Three bison walk through deep snow at Yellowstone National Park.
National Park Service
/
Flickr (CC BY 2.0)
Three bison walk through deep snow at Yellowstone National Park.

Native American lawmakers are asking the Biden administration to craft a federal plan to reintroduce wild bison to areas in and around Glacier National Park and the Charles M. Russell National Wildlife Refuge.

Eight Democratic members of Montana’s American Indian Caucus wrote a letter to U.S. Secretary of the Interior Deb Haaland calling for bison restoration assistance.

“It's crazy that you'd be thinking that the government at the federal level, instead of at the state level, would have more open opportunities right now. But we feel as a Native American Caucus of the state of Montana, that that is the direction we need to be going right now due to the political atmosphere of the state,” says Tyson Running Wolf, a Blackfeet tribal member and Democratic House Representative from Browning.

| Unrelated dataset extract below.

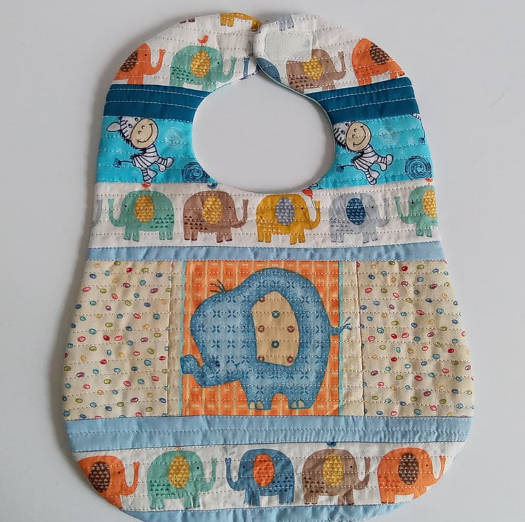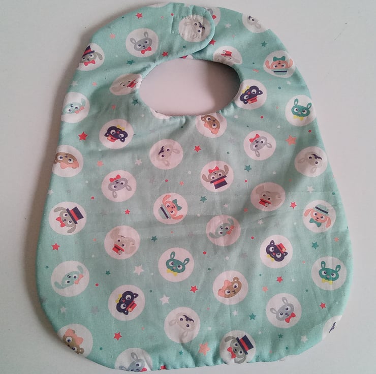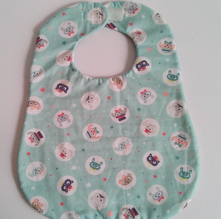 A babies bib suitable for over 3 months with a Velcro fastening to make neck size adjustable.

Running Wolf says the Caucus has been working on the letter for a while, but felt more urgency after Gov. Greg Gianforte scrapped a statewide bison management plan last week. Running Wolf says tribal nation leaders were not consulted in the decision.

“Caught all of us off guard, especially the Native Caucus. We're sitting right in the same house as the governor. We're a doorstep away and no one let us know that this was coming down,” Running Wolf says.

Signing members of the Caucus are asking to start a dialogue with the Biden Administration about bison, which hold “enormous cultural, spiritual and economic significance to Tribes.”

“In the United States, Montana has one of the biggest Native caucus groups that is in the legislature. And we feel that our letter will be very powerful and strong to help get wild bison back on the landscape," Running Wolf says.

Kaitlyn Nicholas covers tribal news in Montana.